# Make-A-Flake



## CraftyDiva (Aug 26, 2003)

This is so kewl, just spent some (too much) time cutting out snowflakes and saving them to file. These may become some Christmas cards. Hmmmm! Some paint, some glitter and "Merry Christmas" Aunt Anna.

What can I say? Doesn't take much to entertain me...........LOL

Now make some flakes............................
http://snowflakes.lookandfeel.com/


.


----------



## FairviewFarm (Sep 16, 2003)

Oh no, another site to while away time procrastinating.

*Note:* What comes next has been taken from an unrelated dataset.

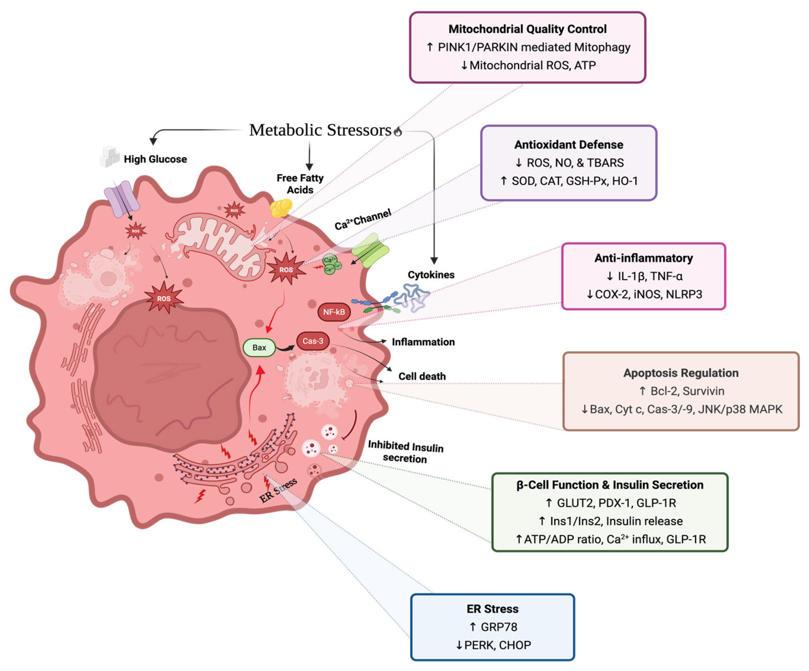 - Dludla, P.V.; Mabhida, S.E.; Ziqubu, K.; Nkambule, B.B.; Mazibuko-Mbeje, S.E.; Hanser, S.; Basson, A.K.; Pheiffer, C.; Kengne, A.P. Pancreatic β-Cell Dysfunction in Type 2 Diabetes: Implications of Inflammation and Oxidative Stress. World J. Diabetes 2023, 14, 130–146. [Google Scholar] [CrossRef]

Here's the site I have spent too much time playing in the past: http://www.popularfront.com/snowdays/

I like your Christmas card idea and will tuck it away for next year.


----------



## Penny-Ontario (Oct 20, 2007)

Thats so cool!


----------



## FrodoLass (Jan 15, 2007)

Thanks! That is so much fun!


----------



## Smallhold (Jan 26, 2007)

That was really fun. Getting me in the right mood to clean here and get the decorations out.


----------



## naturelover (Jun 6, 2006)

Thank you so much for posting this. I have been having a blast making snowflakes and emailing them to my sweetie. Great fun!


----------



## naturewoman (Nov 12, 2002)

Hey, this is fun...and I decided to make a real one because I haven't done that since I was a kid. I made a lovely 7" dia snowflake, and then started thinking of ways to use it. You can use it as a template to spray metallic paint on colored paper to create customized giftwrap, or just spray adhesive on the back of snowflakes and glue them onto the packages...and then make a tiny one to create a little matching gift card to tie on the package.


----------